# Back Up - Enterprise Software ?



## Ronaldr (Aug 4, 2010)

Hello All,

I have various windows, linux, and unix machines. In the past we have used a software called bacula to backup and restore all of these separate machines, which to some extent worked pretty good.

A while ago we had hired a guy, and he basically broke the system and then quit. So it no longer does what it's suppose to. I'm considering rebuilding it from scratch, which is pretty time consuming and has a steep learning curve.

Before I embark on this journey I was wondering what other options are available ? Is there anything else that can Backup all these different machines (windows, linux, unix) ?

Thanks in advance


----------



## DutchDaemon (Aug 5, 2010)

sysutils/rsnapshot if you can get rsync for Windows.


----------



## danger@ (Aug 5, 2010)

an alternative to http://www.bacula.org/en/ might be http://www.amanda.org/


----------



## mix_room (Aug 6, 2010)

sysutils/bacula-* also has 'enterprise' support, so you could rent someone to fix the system for you, and then rent them to give you instructions: 

http://www.baculasystems.com/


----------



## JohnDC (Sep 5, 2010)

*Hello Ronald..  Did you every try Amanda for Backup Server..?*

Can you let me know what you decided and how things worked out sometime?

Yours is one of the few testimonies I've heard for a Bacula Server Setup being, substantial, especially for a new BSD admin such as myself.

Amanda reads as being somewhat not too difficult but stil haven't seen the Quick Setup guide for FreeBSD specifically..

My goal is to:

Replace the crap Backup Exec on Server 2003, and run Amanda or Bacula Backup Server on my fresh new FreeBSD Server, then backup 6 2003 Servers, (2 running Notes, and a couple running SQL)

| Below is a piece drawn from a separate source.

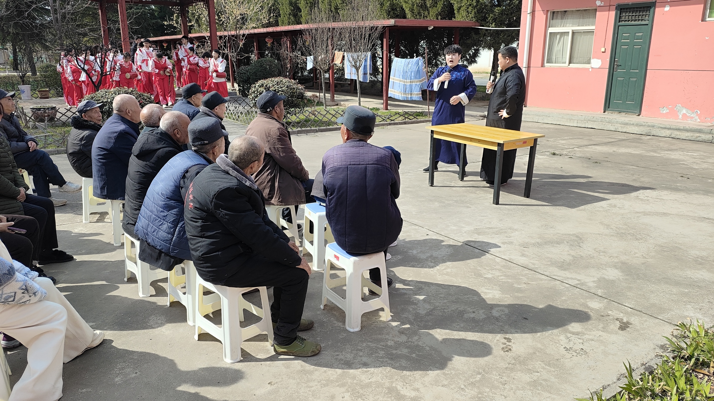 志愿者们进行相声表演

Any good progress on your side.?

Thank you,
jc


----------



## da1 (Sep 5, 2010)

There would be of course TSM, but first it doesn't work on FreeBSD (works on Linux, Solaris, Windows, AIX only) and second I am not sure you really wanna go that deep into backup.

Ow, not to mention you would have to pay for it if you want support but you can also download it from the IBM ftp link @ ftp://service.boulder.ibm.com/storage/tivoli-storage-management/maintenance/server/ and give it a try.

Like I said, it ain't working on FreeBSD and apparently the guys (IBM devs) have no intention of making it work.


LE: I just noticed the subject of this thread is saying "[...] Enterprise Software [...]". Maybe enterprise Bacula or TSM is a viable solution for you then.

Let us know how you decide to go.


----------